Is there a better (more efficient) way to remove an item from a tuple?

Question

I have a list of tuples, from which I am removing the ith element. Right now I'm doing this with:

map(lambda e: list(e)[:i] + list(e)[(i + 1):], data)

which converts the tuple to a list (twice!) and then slices out the element. The result means that I have lists instead of tuples- but this is perfectly fine. Is there a faster way of doing this, possibly by converting each tuple to a list in a separate map operation?

Answer 1

No need to wrap this to a list, you can just:

map(lambda e: (*e[:i], *e[i+1:]), data)

But these approaches all will take O(m n) time with m the arity of the tuples and n the number of tuples.
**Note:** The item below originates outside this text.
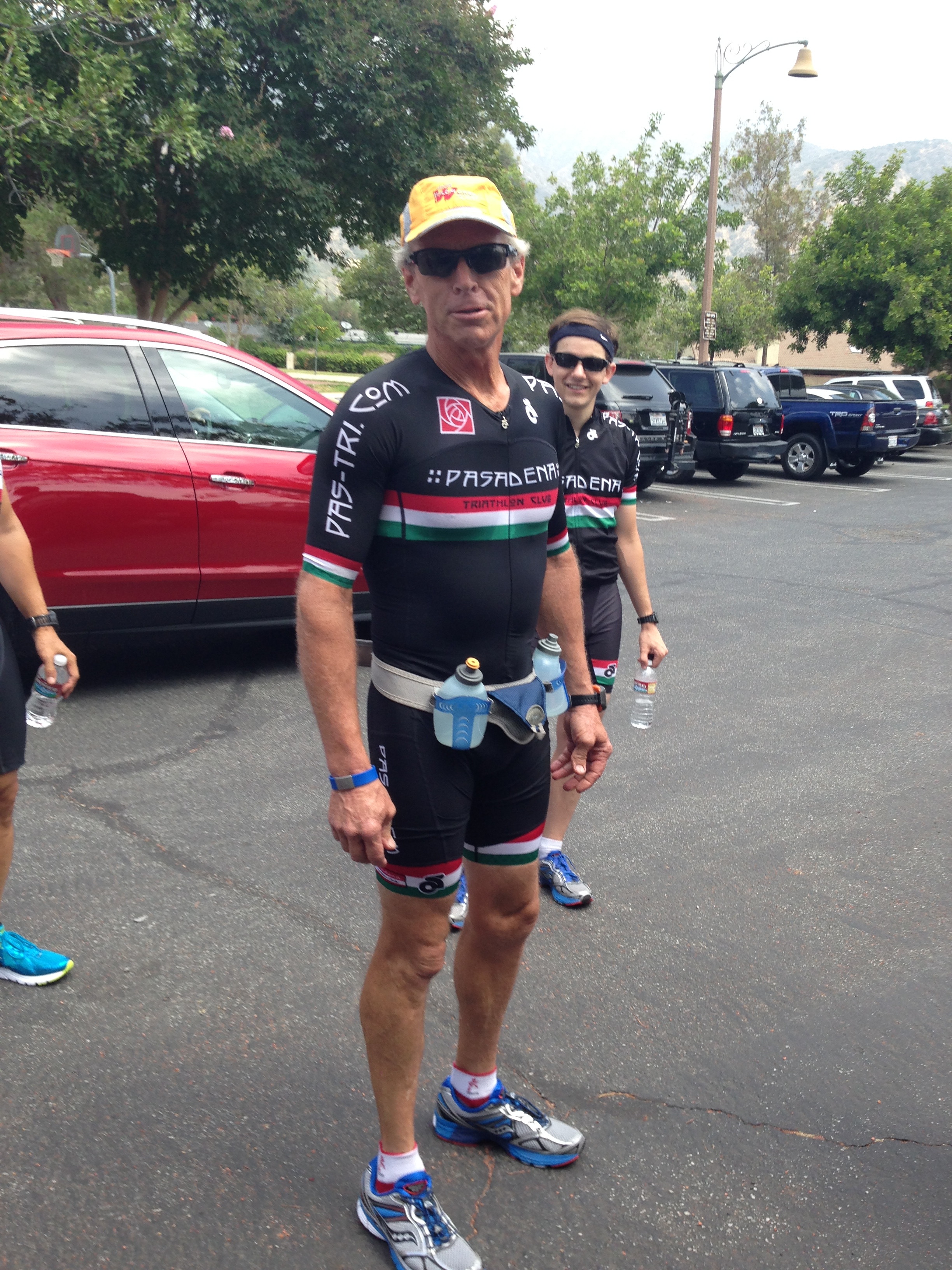 We flipped it at 30 miles and went back. We got back to the cars and transitioned to the run. My energy was not so great, so I had a slow run. Lynda chopped a bird in half. It flew cross wind and didn’t make it through the spokes.

The above will also process siceable iterables, so not per se tuples. Furthermore the result is always a tuple. For example for a range(..) object:

>>> i=3
>>> list(map(lambda e: (*e[:i], *e[i+1:]), [range(1,7)]))
[(1, 2, 3, 5, 6)]

This is not per se wanted behavior. One can also use e[:i] + e[i+1:], this will then raise an error for a range(..) object. For a list, it will return a list. There is not an "inherent" better approach: it depends on the use case.

Answer 2

You don't need to convert to a list at all. Just slice the tuple; slicing doesn't mutate a tuple, it creates a new object:

map(lambda e: e[:i] + e[i:], data)

Not that the above slice operations are any use, because slicing to i and from i would create the exact same tuple. You want to add 1 to the start of the second slice if i should be omitted:

map(lambda e: e[:i] + e[i + 1:], data)

Demo:

>>> t = (41, 42, 45, 54, 81, 162)
>>> t[:3] + t[3:]  # same tuple again
(41, 42, 45, 54, 81, 162)
>>> t[:3] + t[4:]  # skip index 3
(41, 42, 45, 81, 162)

You may want to reconsider using tuples here; tuples are really more designed for heterogenous data structures; tuples have structure, lists have order. See What's the difference between lists and tuples?